Given the root of a binary tree, return the zigzag level order traversal of its nodes’ values. (i.e., from left to right, then right to left for the next level and alternate between).

Clarifying Questions

  1. Q: Can the tree be empty? A: Yes, the tree can be empty. In such a case, the function should return an empty list.
  2. Q: How large can the tree be (i.e., number of nodes)? A: The constraints are typically reasonable for a tree traversal problem, but you should ensure the solution is efficient enough for large trees with, say, up to 10^4 nodes.
  3. Q: What should be done if only one node exists in the tree?
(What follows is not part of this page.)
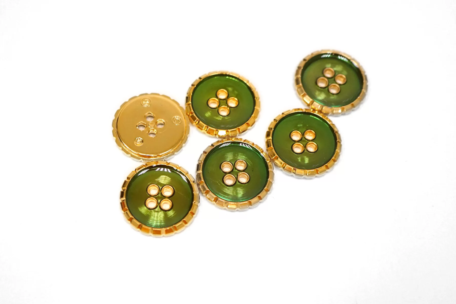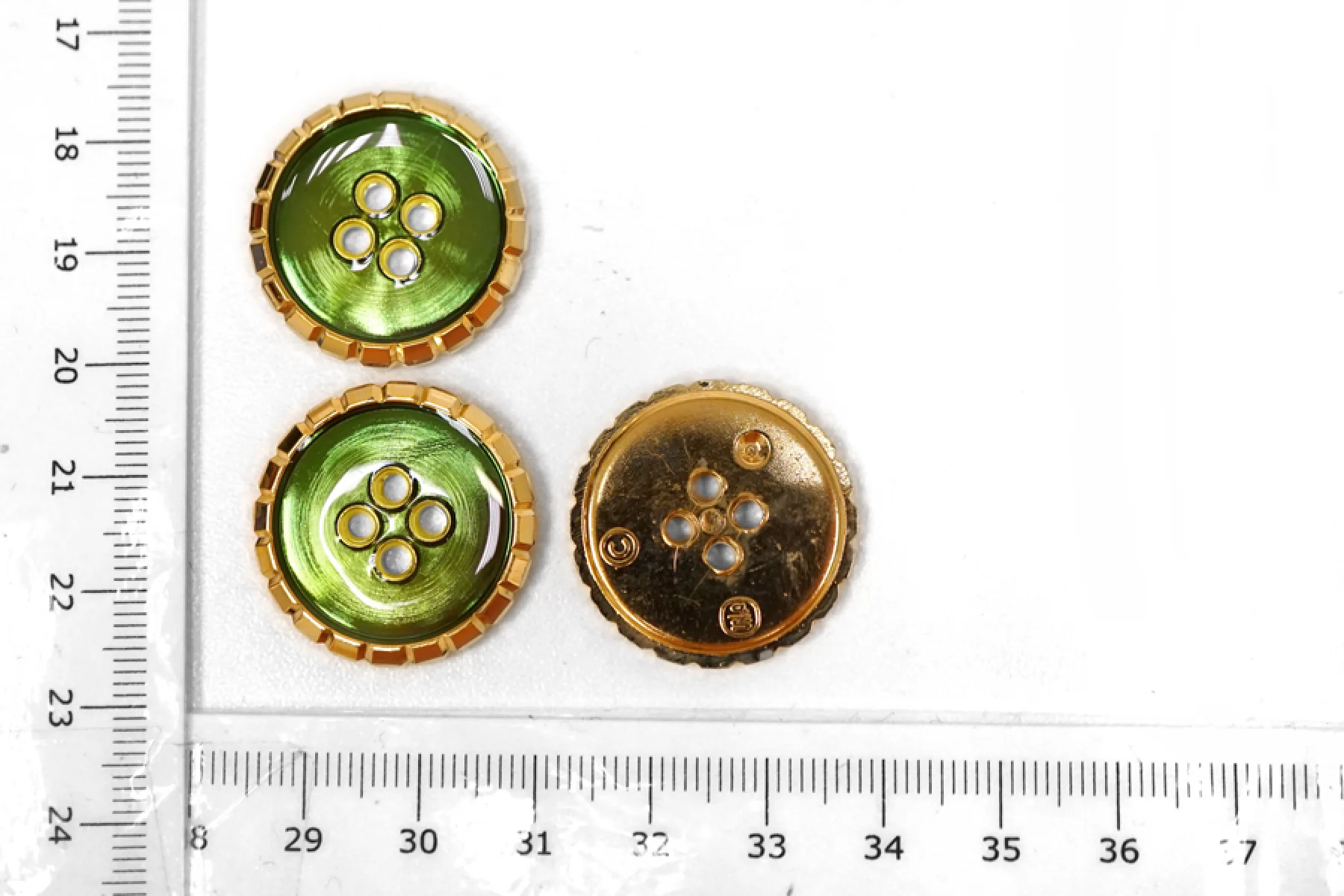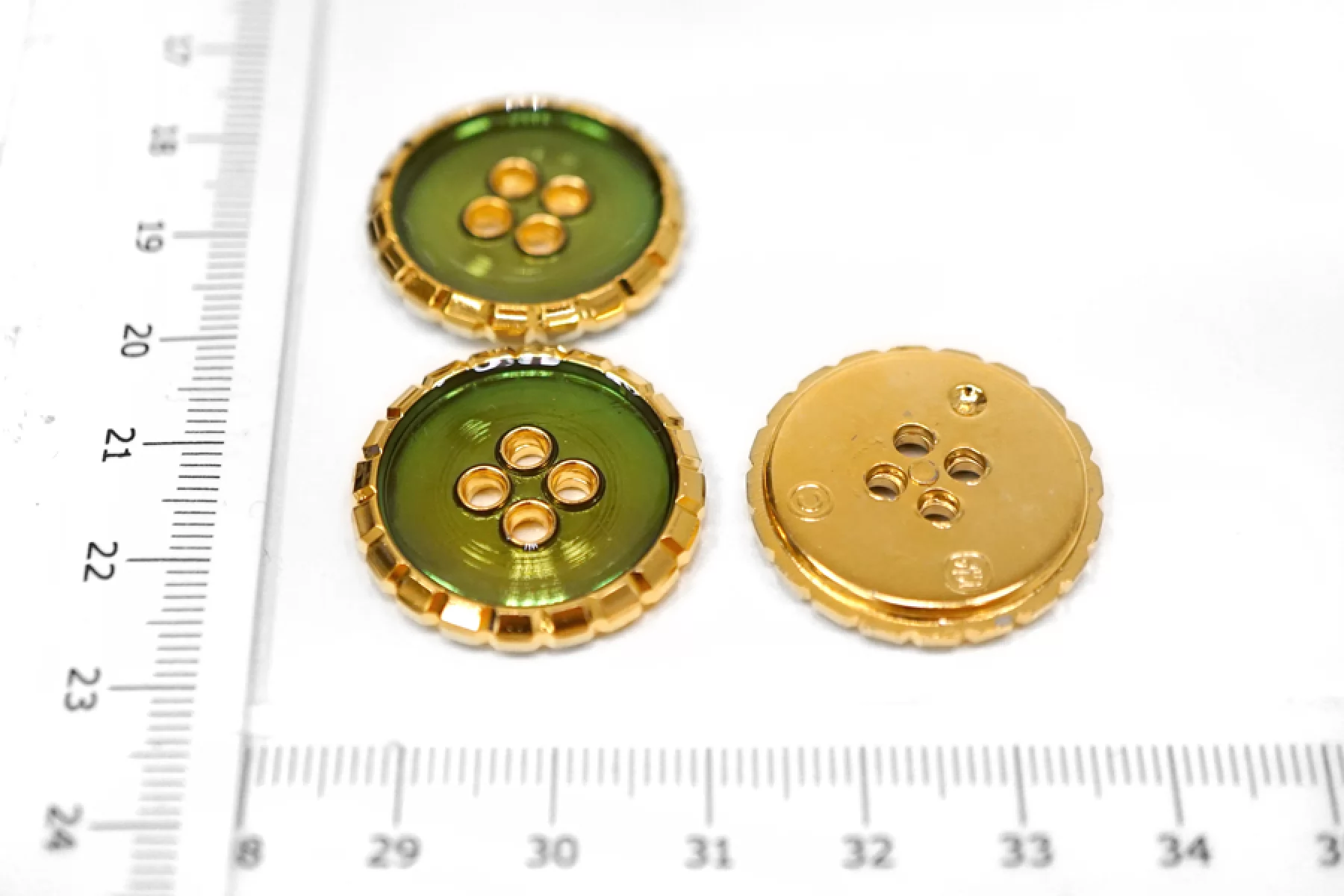 Пуговица пластик под металл костюмная золотая с зелёной эмалью 25 мм М2 18122455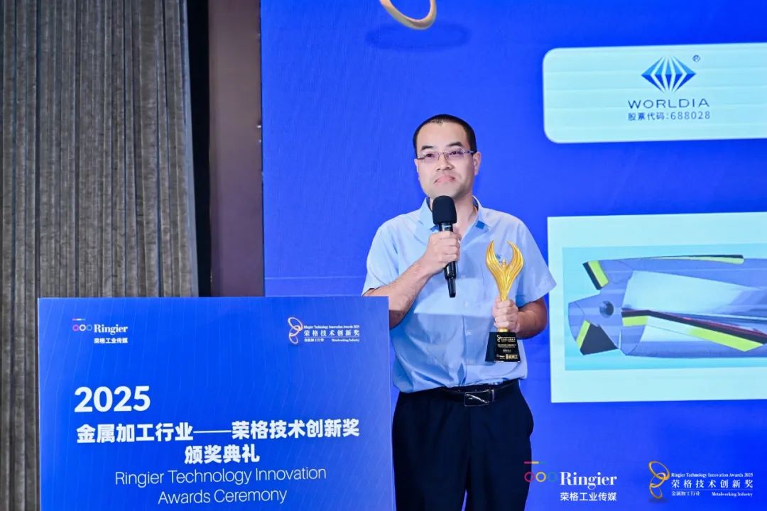 荣格技术创新奖是中国金属加工领域极具影响力的奖项之一,以其严格、公正的评选流程著称。本届评选吸引了76家企业的93项创新产品/技术参与角逐,涵盖金属切削机床、成形机床、数控系统、刀具等多个领域。经过激烈竞争,沃尔德PCD螺旋刃铣刀凭借其突破性的技术表现,从众多优秀产品中脱颖而出,成为37项获奖创新之一。

A: If there is only one node, the output should be a list with one sublist containing that single node.

Strategy

  1. Use a breadth-first search (BFS) approach with the help of a queue to traverse the tree level by level.
  2. Use an indicator (leftToRight) to keep track of the current traversal direction (left-to-right or right-to-left).
  3. For each level, collect nodes in a list, and based on the direction indicated by leftToRight, append this list to the result (reverse the list if needed).
  4. Flip the leftToRight indicator after processing each level.

Time Complexity

Code

#include <iostream>
#include <vector>
#include <queue>
#include <deque>

using namespace std;

// Definition for a binary tree node.
struct TreeNode {
    int val;
    TreeNode *left;
    TreeNode *right;
    TreeNode() : val(0), left(nullptr), right(nullptr) {}
    TreeNode(int x) : val(x), left(nullptr), right(nullptr) {}
    TreeNode(int x, TreeNode *left, TreeNode *right) : val(x), left(left), right(right) {}
};

class Solution {
public:
    vector<vector<int>> zigzagLevelOrder(TreeNode* root) {
        vector<vector<int>> result;
        if (root == nullptr) return result;
        
        queue<TreeNode*> nodeQueue;
        nodeQueue.push(root);
        bool leftToRight = true;
        
        while (!nodeQueue.empty()) {
            int size = nodeQueue.size();
            deque<int> currentLevel;
            for (int i = 0; i < size; ++i) {
                TreeNode* currentNode = nodeQueue.front();
                nodeQueue.pop();
                
                if (leftToRight) {
                    currentLevel.push_back(currentNode->val);
                } else {
                    currentLevel.push_front(currentNode->val);
                }
                
                if (currentNode->left != nullptr) {
                    nodeQueue.push(currentNode->left);
                }
                if (currentNode->right != nullptr) {
                    nodeQueue.push(currentNode->right);
                }
            }
            result.push_back(vector<int>(currentLevel.begin(), currentLevel.end()));
            leftToRight = !leftToRight;
        }

        return result;
    }
};

Explanation

  1. Queue Initialization: A queue (nodeQueue) is initialized and the root node is pushed into it if the root is not null.
  2. Traversal: While there are nodes in the queue,
    • Determine the number of nodes at the current level (size).
    • Use a deque (currentLevel) to store the values of nodes at the current level.
    • Iterate through nodes at the current level. If leftToRight is true, append the values to the end of the deque; otherwise, append to the front.
    • Push the left and right children of the current node into the queue if they exist.
  3. Direction Toggle: After finishing traversing a level, toggle the leftToRight flag.
  4. Store Result: Convert the deque to a vector and store it in the result list.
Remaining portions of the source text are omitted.